See how multidimensional approaches are driving new discoveries in Dr. Jaffe’s on-demand presentation. Watch now→
We ended the week with a different perspective on schizophrenia as Konstantin Khodosevich, PhD, Group Leader and Associate Professor at the University of Copenhagen, told us how he’s also integrating single cell and spatial analyses in his work, but with a unique goal. Dr. Khodosevich and his team are interested in neuronal network impairment, studying the mechanisms that drive the development of neural circuits underlying the schizophrenia phenotype.
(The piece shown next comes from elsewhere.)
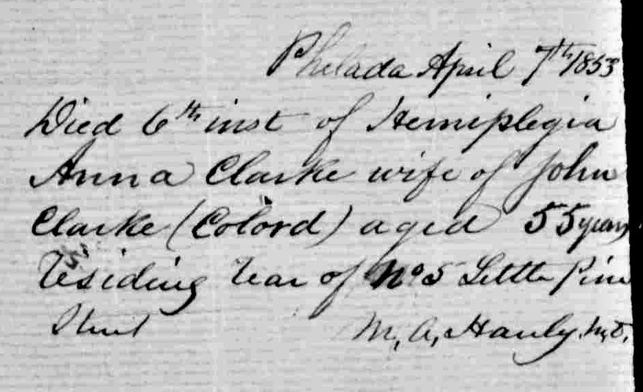 Fifty-five-year-old Anna Clarke died this date, April 6th in 1853 of “Hemiplegia.” This would be paralysis of one side of the body from a stroke or head injury. Six years earlier in the 1848 Philadelphia African American Census, Ms. Clarke reported she was self-employed as a laundress. It was a strenuous job, even for a young person. John, her husband, worked as a stevedore, loading and unloading cargo from the ships docked on the Delaware River wharfs. It too was a backbreaking job, even for someone half his age. We don’t know his exact age but we can assume it was close to his spouse’s age. In 1847, there was another female in the home listed in the census as someone between the ages of 14 and 50 who also worked as a laundress. Her relationship to the Clarkes’ was not recorded. Only two of the three residents were born in Pennsylvania. In 1847, the family lived in Rose Alley.

Studying a mouse model of maternal inflammation, Dr. Khodosevich used single cell and spatial technologies to locate instances of selective vulnerability in neuronal subtypes and reveal a neuronal subtype–specific molecular phenotype of schizophrenia.
Get a deeper look at the mechanisms of neuronal network impairment in schizophrenia in Dr. Khodosevich’s on-demand presentation. Watch now→
Thank you to everyone who joined us at the Global Psychiatric Disorders Virtual Symposium and to the amazing researchers who presented for their incredible contributions to the field!